Given that Newtons method for solving $f(x)= 0$ is: $x_{k+1} = x_{k} - \frac{f(x_{k})}{f'(x_{k})}$. The relaxtion of this method replaces $\frac{1}{f'(x_{k})}$ with some real valued constant y not equal to zero: $x_{k+1} = x_{k} - yf(x_{k})$
Which method converges faster and why?
How do you derive the error equations in terms of consecutive iterations?
Furthermore, given the error equation of an iterative method how do you derive its order of convergence?

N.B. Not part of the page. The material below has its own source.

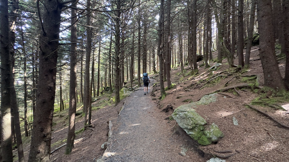 Once Andy got done washing his Fruit Loops and eating breakfast, we set out on the second leg of our journey from Overmountain to Doll Flats, about 6.5 miles. That took us over Little Hump and Hump Mountain, which was a LOT of climbing.

Use Taylor series in the form $f(x+h) =f(x)+hf'(x)+O(h^2) $.
Then
$\begin{array}\\ \text{Newton}\\ f(x_{k+1}) &=f(x_{k} - \frac{f(x_{k})}{f'(x_{k})})\\ &=f(x_{k}) - \frac{f(x_{k})}{f'(x_{k})}f'(x_k)+O((\frac{f(x_{k})}{f'(x_{k})})^2) \qquad x = x_k, h = - \frac{f(x_{k})}{f'(x_{k})}\\ &=O((\frac{f(x_{k})}{f'(x_{k})})^2)\\ \\ \text{Relaxed}\\ f(x_{k+1}) &=f(x_{k} - yf(x_k))\\ &=f(x_{k}) - yf(x_{k})f'(x_k))+O(yf(x_{k}))^2 \qquad h = yf(x_k)\\ &=f(x_{k}) - yf(x_{k})f'(x_k))+O(yf(x_{k})^2)\\ &=f(x_{k})(1- yf'(x_k)))+O(yf(x_{k})^2)\\ \end{array} $
So Newton goes quadratically and relaxed goes down linearly.